◆ How to complete this task
Reproduce the listing below from the line with "Diese Socken haben" to the line with "[00:16.284] | 遥远的你-李雨泽lyz |", both lines included, character for character, minus any pictures.
━━━━━ Data supplied
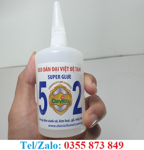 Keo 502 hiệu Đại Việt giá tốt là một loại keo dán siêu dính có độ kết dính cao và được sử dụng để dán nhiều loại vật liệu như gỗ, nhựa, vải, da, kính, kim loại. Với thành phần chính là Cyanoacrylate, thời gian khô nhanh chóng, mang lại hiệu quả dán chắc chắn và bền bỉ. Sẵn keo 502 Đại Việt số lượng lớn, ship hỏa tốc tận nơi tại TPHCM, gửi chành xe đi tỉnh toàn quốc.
━━━━━━━━━━
━━━━━ Data supplied
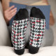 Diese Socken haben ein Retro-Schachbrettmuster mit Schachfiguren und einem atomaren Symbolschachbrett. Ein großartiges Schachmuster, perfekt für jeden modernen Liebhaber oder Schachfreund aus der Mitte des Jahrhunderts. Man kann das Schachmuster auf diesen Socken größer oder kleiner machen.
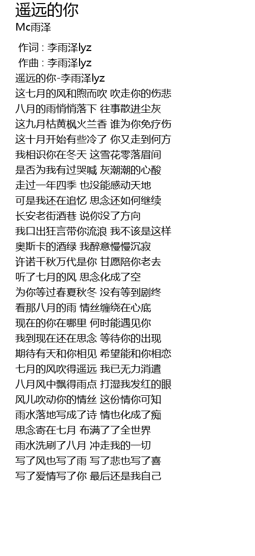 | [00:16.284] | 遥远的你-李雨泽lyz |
━━━━━━━━━━
◆ Written reply
 Diese Socken haben ein Retro-Schachbrettmuster mit Schachfiguren und einem atomaren Symbolschachbrett. Ein großartiges Schachmuster, perfekt für jeden modernen Liebhaber oder Schachfreund aus der Mitte des Jahrhunderts. Man kann das Schachmuster auf diesen Socken größer oder kleiner machen.
 | [00:16.284] | 遥远的你-李雨泽lyz |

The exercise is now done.